◆ DIRECTIONS: Leave out all pictures. Return exactly the lines from the top of the material through the line containing "2026年05月01日 入学希望者向け 2年生・進路フェスタへ行ってきました(神奈川校)".

>>

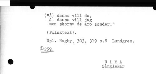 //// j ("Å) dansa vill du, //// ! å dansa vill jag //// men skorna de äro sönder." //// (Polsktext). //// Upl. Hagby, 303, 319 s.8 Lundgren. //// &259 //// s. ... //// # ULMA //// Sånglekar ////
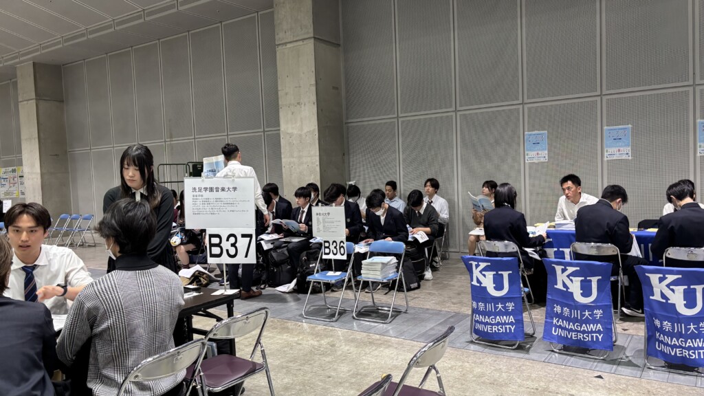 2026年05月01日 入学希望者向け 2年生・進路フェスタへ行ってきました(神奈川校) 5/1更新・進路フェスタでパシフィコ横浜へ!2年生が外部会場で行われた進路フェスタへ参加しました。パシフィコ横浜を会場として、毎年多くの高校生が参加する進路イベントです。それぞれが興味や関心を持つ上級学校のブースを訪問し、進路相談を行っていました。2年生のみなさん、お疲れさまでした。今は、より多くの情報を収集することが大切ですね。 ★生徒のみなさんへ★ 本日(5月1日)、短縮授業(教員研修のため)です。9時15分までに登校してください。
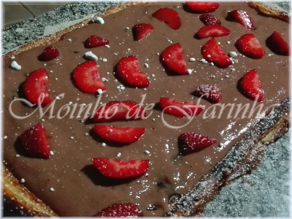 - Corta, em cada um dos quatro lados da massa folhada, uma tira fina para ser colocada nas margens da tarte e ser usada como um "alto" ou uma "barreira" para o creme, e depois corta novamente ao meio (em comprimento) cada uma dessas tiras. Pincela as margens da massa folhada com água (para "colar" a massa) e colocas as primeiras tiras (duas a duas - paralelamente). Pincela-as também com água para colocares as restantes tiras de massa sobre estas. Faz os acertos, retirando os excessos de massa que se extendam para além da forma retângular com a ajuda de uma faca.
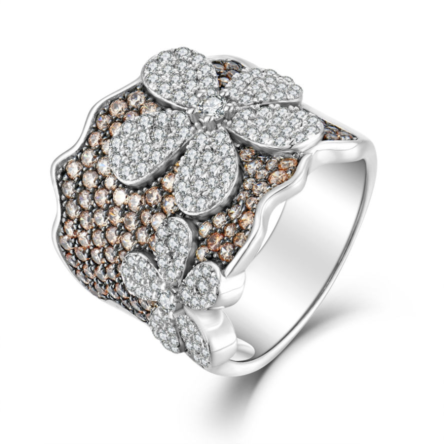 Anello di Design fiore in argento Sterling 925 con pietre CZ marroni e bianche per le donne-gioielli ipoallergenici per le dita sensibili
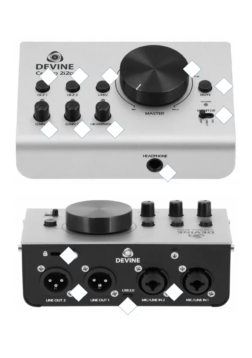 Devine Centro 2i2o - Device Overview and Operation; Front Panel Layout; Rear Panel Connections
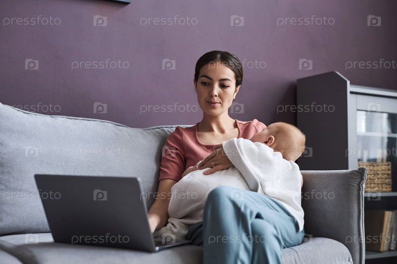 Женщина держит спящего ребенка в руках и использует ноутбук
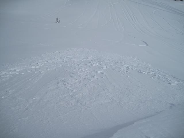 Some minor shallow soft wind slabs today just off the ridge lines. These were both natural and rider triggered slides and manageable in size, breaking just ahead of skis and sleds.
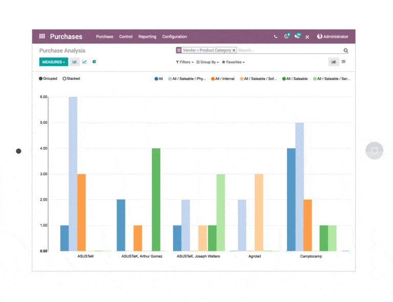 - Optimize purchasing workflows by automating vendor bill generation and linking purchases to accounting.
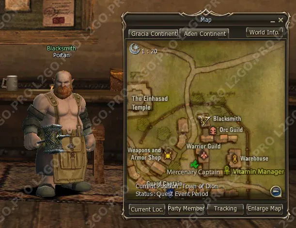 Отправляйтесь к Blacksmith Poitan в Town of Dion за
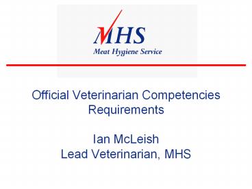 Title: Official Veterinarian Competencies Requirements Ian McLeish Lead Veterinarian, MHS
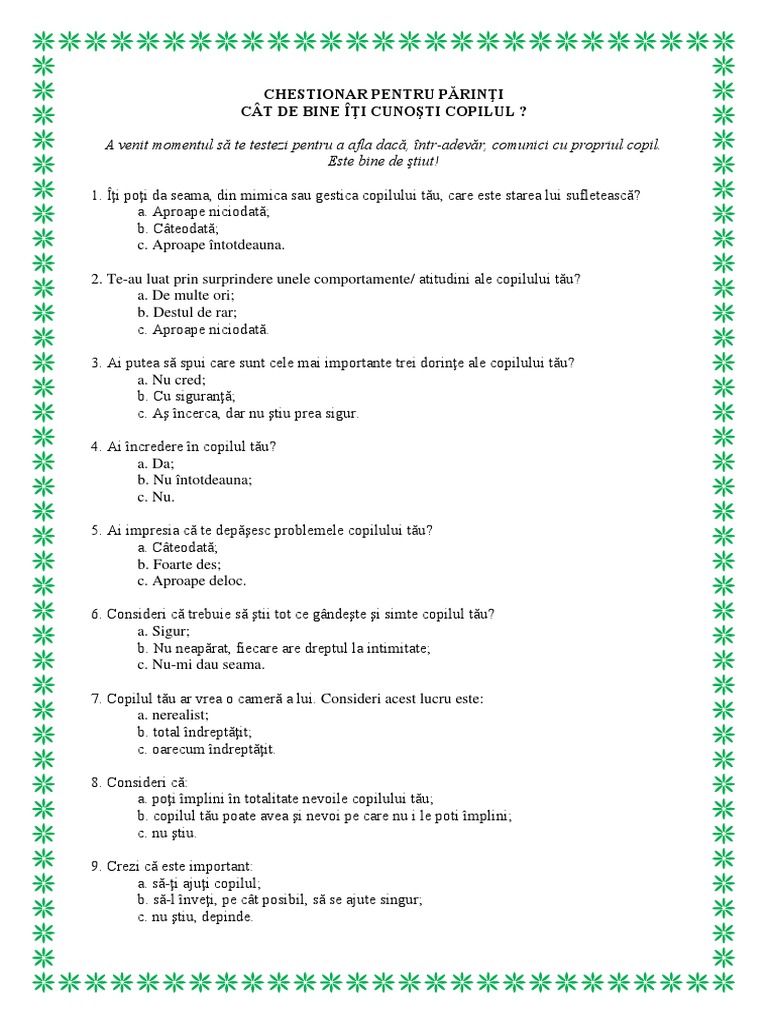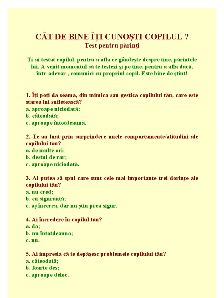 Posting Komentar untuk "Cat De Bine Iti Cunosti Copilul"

<<

◆ RESPONSE TO THE TASK:
 //// j ("Å) dansa vill du, //// ! å dansa vill jag //// men skorna de äro sönder." //// (Polsktext). //// Upl. Hagby, 303, 319 s.8 Lundgren. //// &259 //// s. ... //// # ULMA //// Sånglekar ////
 2026年05月01日 入学希望者向け 2年生・進路フェスタへ行ってきました(神奈川校) 5/1更新・進路フェスタでパシフィコ横浜へ!2年生が外部会場で行われた進路フェスタへ参加しました。パシフィコ横浜を会場として、毎年多くの高校生が参加する進路イベントです。それぞれが興味や関心を持つ上級学校のブースを訪問し、進路相談を行っていました。2年生のみなさん、お疲れさまでした。今は、より多くの情報を収集することが大切ですね。 ★生徒のみなさんへ★ 本日(5月1日)、短縮授業(教員研修のため)です。9時15分までに登校してください。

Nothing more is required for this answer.